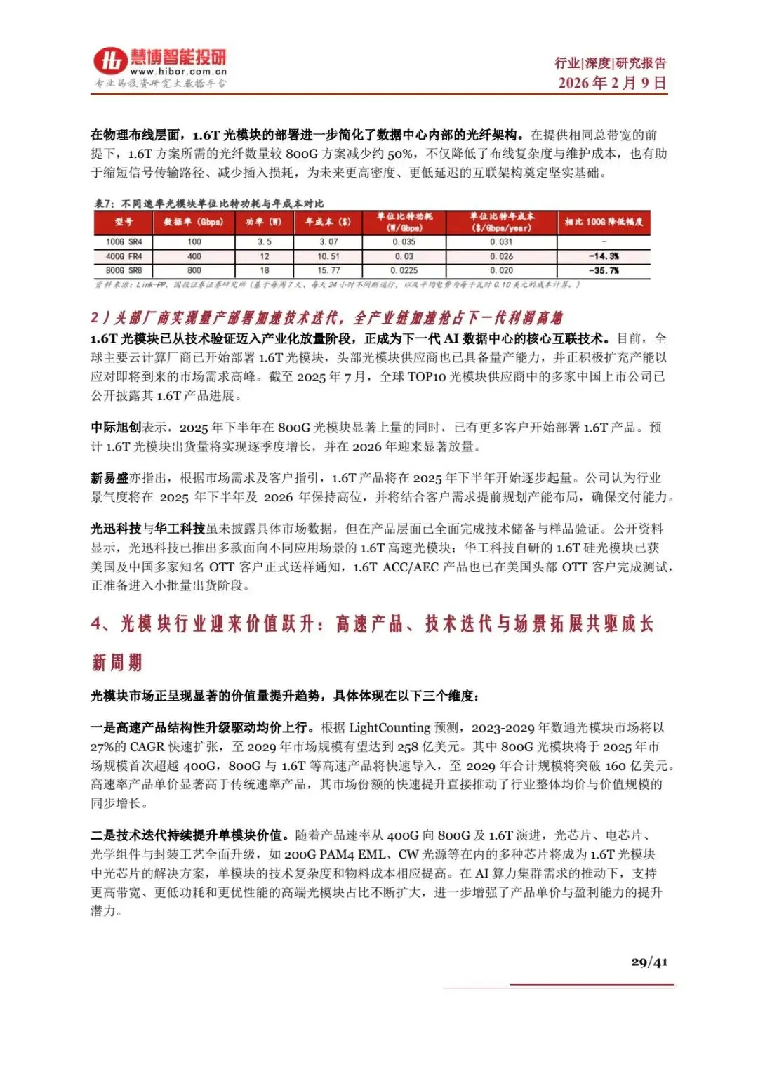 - 演进主线:一是高速光模块商用,1.6T/3.2T 产品加速落地,硅光、CPO 等前沿技术突破;二是国产替代深化,国内从封装制造向光芯片、电芯片等高价值环节攀升。
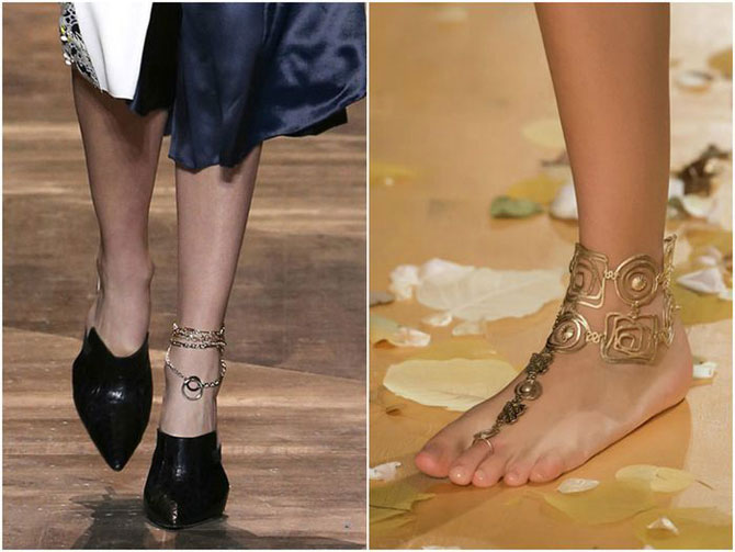 Конечно, весной девушки уделяют особое внимание не только маникюру, но и педикюру. Тем более, что в этом году свой взор на него обратили и эксперты моды. Украшать ноги предложили золотыми цепями и аксессуарами в этническом стиле.
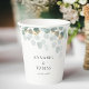 Elegant Modern Leafy Paper Cups für Ihre Gastgeschenke. Ideal für Ihre Hochzeit und einfach zu bearbeiten. Füllen Sie Ihre Daten ein, Sie können die Schriftart, die Position usw. individuell durch "weitere Personalisierung" auswählen.
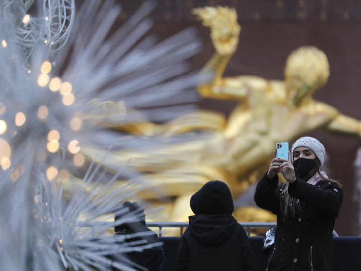 ↑2022年1月4日,一名戴口罩的女子在美国纽约洛克菲勒中心观光。新华社记者 王迎 摄
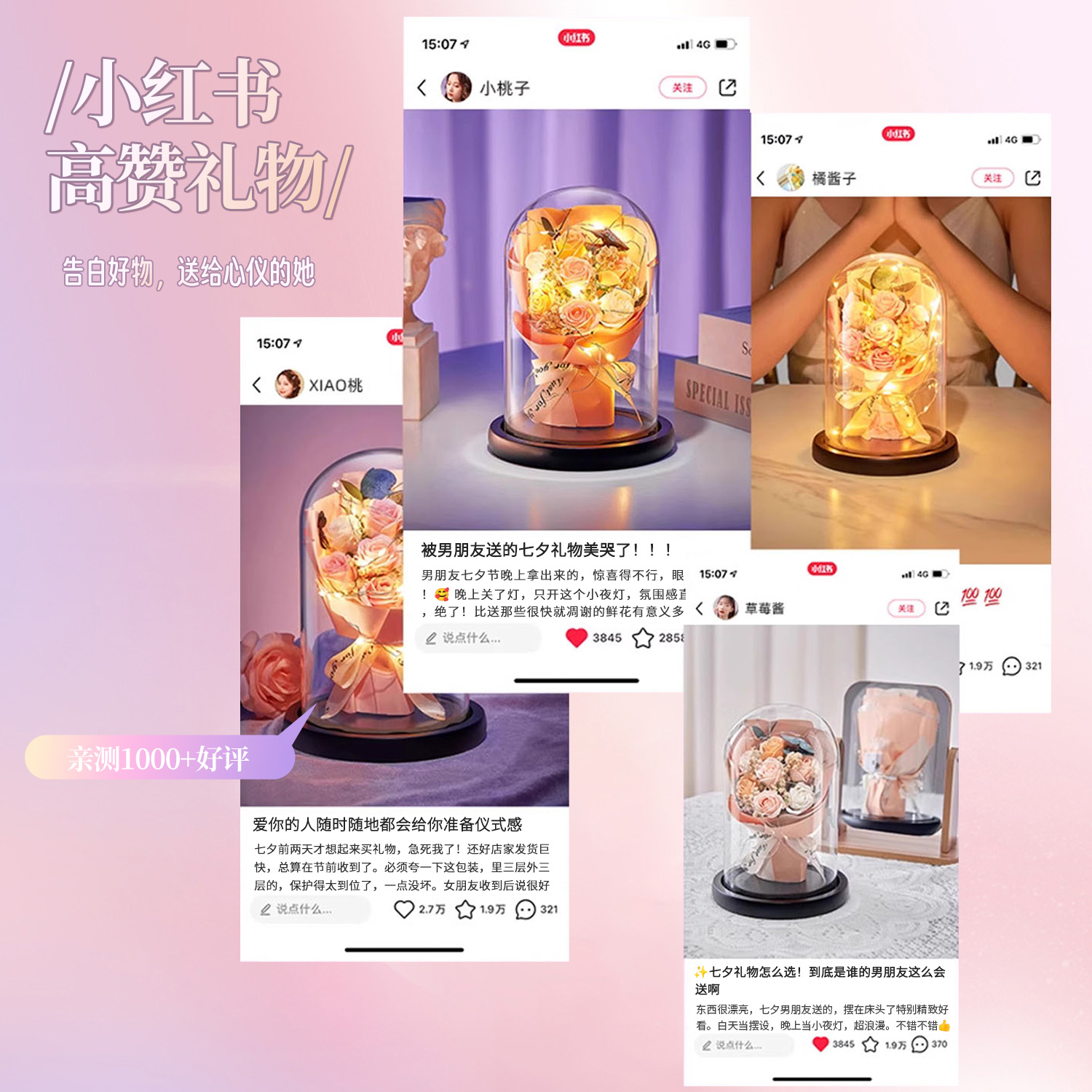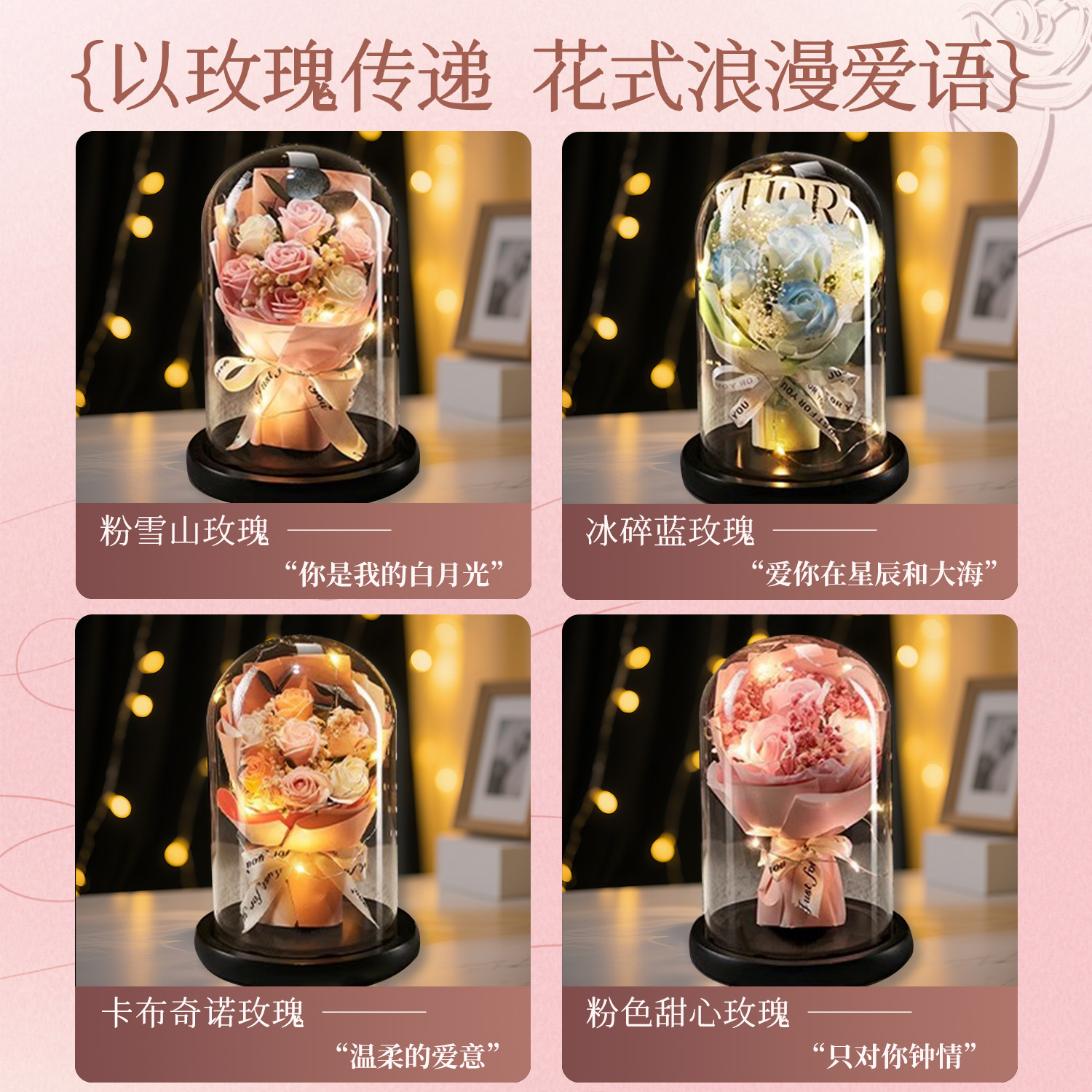 七夕玻璃罩玫瑰永生花束情人节创意礼品桌面装饰高级感摆件伴手礼
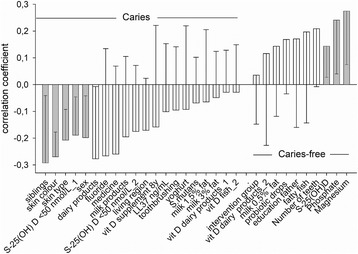 Results: Dental status was evaluated in 85 of the 206 children in the basic intervention study. Low vitamin D levels were found in 28% at baseline compared to 11% after the intervention, and 34% reported continued intake of vitamin D supplements. Logistic regression supported a weak inverse association between vitamin D status at 6 years of age and caries 2 years later (odds ratio 0.96; p = 0.024) with minor attenuation after an adjustment for potential confounders. Multivariate projection regression confirmed that insufficient vitamin D levels correlated with caries and higher vitamin D levels correlated with being caries-free. Vitamin D status at 6 years of age was unrelated to enamel defects but was positively associated with saliva LL37 levels.
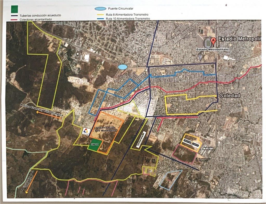 Se vende lote con un área de 11.254,72 m2 lo que equivale a aproximadamente 1 hectárea de terreno – ubicado en el área metropolitana de Barranquilla con jurisdicción del municipio de soledad – colinda con la urbanización de los almendros y sector de comfamiliar etapa V y terrenos de construcciones de Marval – el lote cuenta con un acceso a la avenida circunvalar por medio de las calles 81,82 y 84, adicionalmente a la avenida murillo y circunvalar por medio de la ruta alimentadora N° 10 del sistema de transporte masivo del área metropolitana (Transmetro)- cómodas vías de acceso – transporte publico cercano
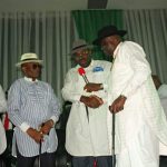 Governor Seriake Dickson of Bayelsa State (left) with former Deputy National Chairman of the Peoples Democratic Party (PDP), Chief Olabode ...
************
**Problem details**
The lines above starting at the one that holds "Elegant Modern Leafy" and ending at the one that holds "七夕玻璃罩玫瑰永生花束情人节创意礼品桌面装饰高级感摆件伴手礼" are to be written out exactly, ends included, and no pictures are to be copied.

**Expected output**
 Elegant Modern Leafy Paper Cups für Ihre Gastgeschenke. Ideal für Ihre Hochzeit und einfach zu bearbeiten. Füllen Sie Ihre Daten ein, Sie können die Schriftart, die Position usw. individuell durch "weitere Personalisierung" auswählen.
 ↑2022年1月4日,一名戴口罩的女子在美国纽约洛克菲勒中心观光。新华社记者 王迎 摄
 七夕玻璃罩玫瑰永生花束情人节创意礼品桌面装饰高级感摆件伴手礼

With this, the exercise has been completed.